Adult Spasticity of the Arm Post-Stroke:
Muscle weakness is the most commonly reported adverse event in clinical studies and in the literature, for this patient population. In the 2 pivotal studies using Dysport for arm spasticity post-stroke, the most frequent adverse events were infection (8.2%), flu syndrome (6.1%), dry mouth, myasthenia, pain, constipation, diarrhoea, pharyngitis and somnolence (each with an incidence of 4.1%). The majority of events resolved within 2 weeks.
Dysphagia has been reported at doses in excess of 2700 units given in 1 dose or when given as a divided dose 12 weeks apart. No cases were reported in pivotal studies.
Paediatric Cerebral Palsy Spasticity:
Adverse event incidence has been assessed by 3 prospective studies involving 142 patients treated with Dysport and 75 patients treated with placebo. Adverse events with an incidence of ≥5% following Dysport treatment were leg pain (8%), pharyngitis (8%), accidental injury (7%), bronchitis (6%) and fever (6%). Those with an incidence of 1-5% were viral infection (5%), infection (4%), rhinitis (4%), convulsion (4%), upper respiratory tract infection (4%), asthenia (3%), asthma (3%), cough (3%), vomiting (3%), cold (2%), diarrhoea (2%), urinary incontinence (2%), abnormal gait (1%), gastroenteritis (1%), laryngitis (1%) and somnolence (1%).
The incidence of many of these adverse events (pharyngitis, bronchitis, fever, viral infection, rhinitis, upper respiratory tract infection, cough, vomiting, cold) was similar in placebo-treated patients and probably indicates the typical spectrum of illness in a paediatric population. Also, the incidence of convulsions was identical in placebo-treated patients and reflects one of the most frequent concomitant problems associated with cerebral palsy.
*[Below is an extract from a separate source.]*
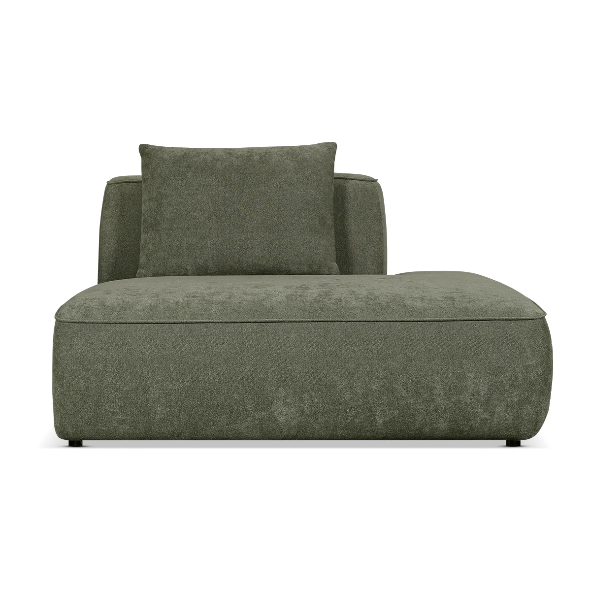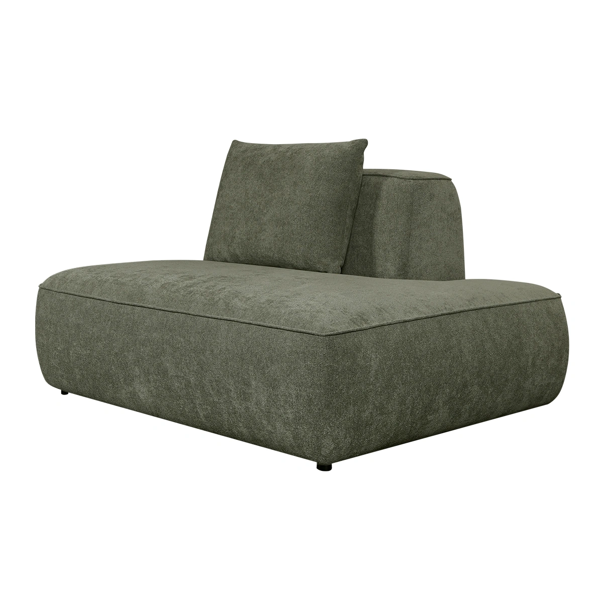 Monza Ottoman Right in green is a fabric modular seating component designed to complement customizable sofa layouts with contemporary appeal. Its balanced proportions and rich upholstery tone create visual interest while enhancing seating flexibility. Made with polyester fabric upholstery, it includes supportive comfort foam and a strong frame of beech, spruce wood, and engineered wood. Plastic legs ensure durability and stability. Dimensions: L 134 cm, W 106 cm, H 80 cm.
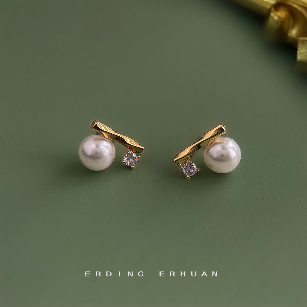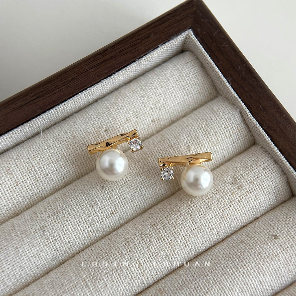 C廠【4541】時尚通勤高級感平衡木設計師款鍍14K微鑲鋯石耳環女簡約耳飾 24.08-2

The incidence of accidental injury (falls) demonstrated the biggest difference with placebo-treated patients (1%), and it is likely that these adverse events are due to overweakening of the target muscle and/or the local spread of Dysport to other muscles involved in ambulation and balance. The reports of abnormal gait may also be the result of such an effect. Another local side effect was leg pain, predominantly, calf pain. Although this pain appears to be distinct from any pain experienced from the injection itself, it was also reported for 5% of placebo treatments. Asthenia and urinary incontinence were associated with higher doses of Dysport (20-30 units/kg) and may be the result of systemic spread of the toxin.
Side effects may occur mainly from deep or misplaced injections temporarily paralysing other nearby muscle groups. The injections have been associated with a burning sensation which lasts for 1-2 min after injection. In patients treated for torticollis, dysphagia is the most frequently reported adverse event. In a double-blind, placebo-controlled trial, the incidence of dysphagia was 29% following treatment with Dysport 500 units and 10% in the placebo group. This appears to be dose-related and occurs most frequently following injection into the sternomastoid muscle. A soft diet may be required until symptoms resolve. In those patients severely affected, laryngoscopy has identified pooling of saliva. Aspiration may occur rarely and be of potential concern in those patients with preexisting respiratory problems. Less frequently reported events include weakness of the neck muscles, dryness of mouth and voice changes. A more generalised weakness and visual disturbances (including diplopia and blurred vision) have occasionally been reported. Respiratory difficulties have been noted on rare occasions in association with high doses. These side effects may be expected to resolve within 2-4 weeks. Allergic reactions eg, skin rashes and influenza-like symptoms have occasionally been noted.
Blepharospasm and Hemifacial Spasm:
Side effects may occur from deep or misplaced injections of Dysport, temporarily paralysing other nearby muscle groups. They may also occur from exacerbation of preexisting eyelid abnormalities or from an initial overcorrection. Ptosis is the most common unwanted effect.
A few patients may also experience diplopia or symptoms from spread of the paralytic effect to midfacial muscles.
These side effects may be expected to resolve within 2-4 weeks. Keratitis and dry eyes due to reduced blinking have also been reported for which the use of artificial tears could be considered. Minor bruising and lid swelling may occur but are short-lived. Reversible external ophthalmoplegia has been reported after excessive dosing. The injections have been associated with a burning sensation which lasts for 1-2 min after injection. Allergic reactions eg, skin rashes and influenza-like symptoms have occasionally been noted.